British trio White Lies—guitarist/vocalist Harry McVeigh, bassist Charles Cave and drummer Jack Lawrence-Brown—just released Ritual (Geffen/Fiction), which follows up To Lose My Life…, the band’s commercially successful 2009 debut. The 10-track sophomore LP was co-produced by Alan Moulder (Depeche Mode, Killers) and was written over a five-week period when White Lies wasn’t crisscrossing the globe in support of its first album. Though McVeigh, Cave and Lawrence-Brown are all barely old enough to drink legally in the U.S., the threesome has been playing together as a band since their mid-teens, first as Fear Of Flying, which released two singles produced by Stephen Street (Smiths, Blur), and then under the White Lies moniker. The trio will be guest editing magnetmagazine.com all week. Read our brand new Q&A with them.

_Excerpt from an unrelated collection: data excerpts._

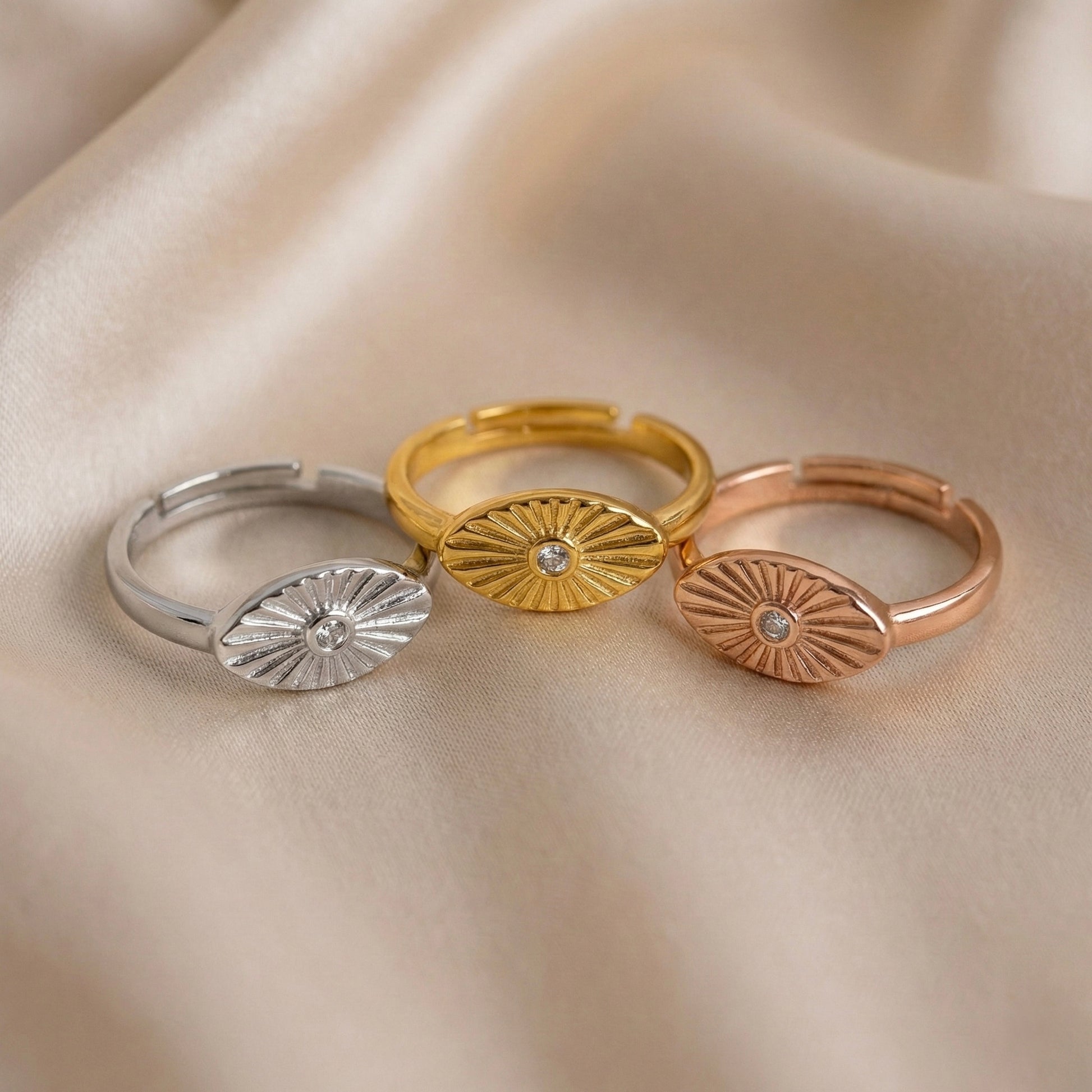 Şafağın ilk ışıklarından ve her şeyi aydınlatan bir parıltıdan ilham alan bu tasarım, markiz (badem) formu üzerindeki ışınsal detaylarla stilinize mistik bir derinlik katar. Merkezindeki ışıltılı taş, tasarıma "Sessiz Lüks" anlayışına uygun rafine bir parıltı kazandırırken, vintage dokusuyla zamansız bir imza niteliği taşır. Her bir Minon parçası usta zanaatkarların elinde şekillenir; bu nedenle el işçiliğinin doğasından kaynaklanan minik detay farklılıkları her tasarımı eşsiz ve size özel kılar.
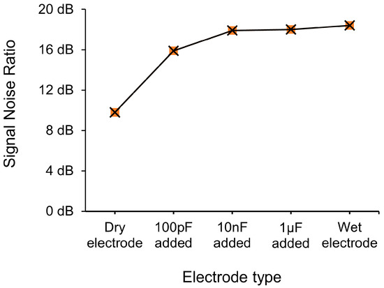 For a more accurate comparison, the spurious signal-to-noise ratio (SNR) was compared in Figure 10 and Table 1, which measures the ratio of desired signal power to unwanted spurious signal power in a system [75]. It was observed that the SNR values increased sequentially from dry electrodes to electrodes with 100 pF, 10 nF, and 1 μF capacitors and to wet electrodes, with values of 9.8 dB, 15.9 dB, 17.9 dB, 18 dB, and 18.4 dB, respectively. This indicates that the addition of a capacitor and its value can improve the signal quality to a level comparable to that of wet electrodes. In particular, the difference between dry electrodes and 1 μF capacitors was 8.2 dB, indicating a significant improvement in signal quality by approximately 6.6 times.
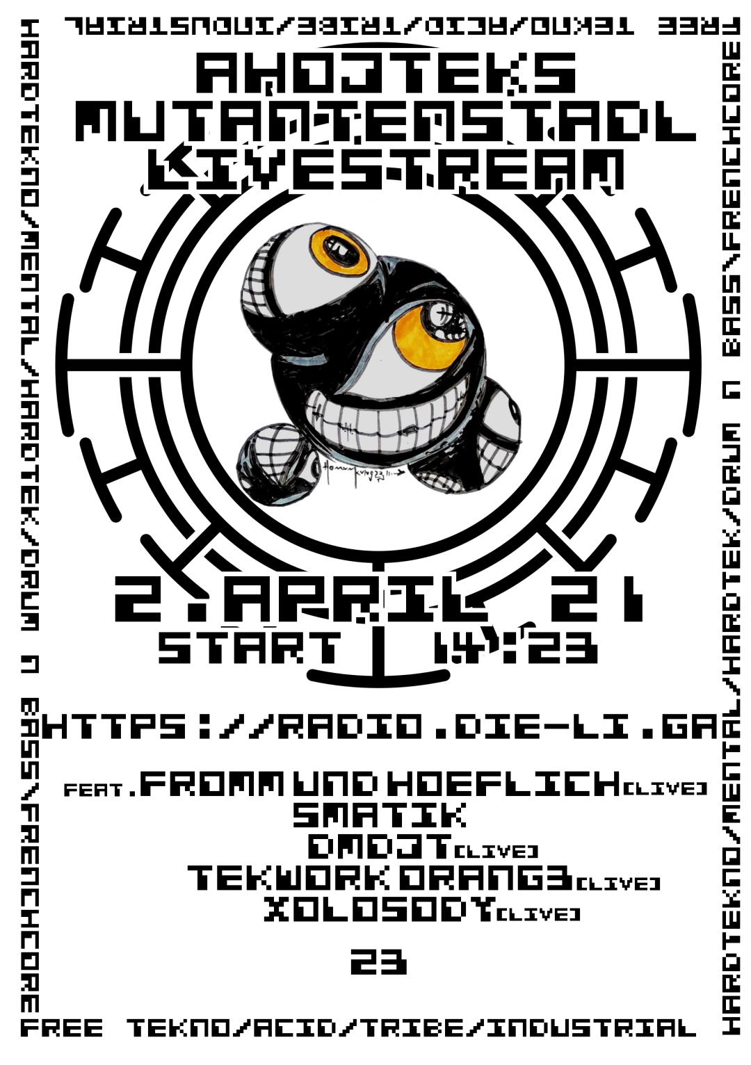 Weiterhin nur, die Mutation unserer Feten zu virtuellen Ereignissen weiter zu treiben! Und deswegen laden wir recht herzlich zu AHOJ TEKs Mutantenstadl, bei dem wir aufwarten werden mit dem Spezialgast Fromm und Hoeflich, mindestens 14 Stunden Tekno, Mental, Frenchcore, Acid, Breakbeats und Industrial live aus unseren Geräten, von den Plattentellern und DJ-Controllern und einer nicht kleinzukriegenden Feierlaune!

Lawrence-Brown: A slice. Is there anything better than a fresh slice? The answer is undoubtedly no. No, there is literally nothing better than a slice. A fresh slice of piping hot pepperoni from San Francisco’s very own Escape From New York Pizza. Coming from the U.K., White Lies really only get to experience the majesty of a slice when we travel. There are one or two spots popping up in London at the moment that seem to serve a decent slice. But it isn’t the same. To get a slice in the U.K., you have to go to something more along the lines of a posh deli or just go for an all-out pizza restaurant. This is completely different across the Atlantic. In America, you can go into a shop which only sells pizza and, what’s more, sells it by the slice. Personally, if I’m just after a snack, I’d have just the one slice, but if I was slightly more worn out and in need of rejuvenation, I’d go for three slices plus a Dr. Pepper. I know there are tons of great slice places all across America, and my knowledge of them is fairly limited. All I know is that this is my favorite so far, and realistically it is going to take a lot to beat it. Its location is also key to its brilliance; it is a mere 100 yards from Amoeba Records (which we’ll get to shortly). Following a good two hours of rummaging through Amoeba’s shelves, I will need something to kick me back into life and help me drag my haul of records up and down San Francisco’s obscenely steep streets. Two slices at a table in EFNY, followed by a cheeky two slices for the road, does the trick just fine. It is no wonder I gain so much weight when I tour in the USA.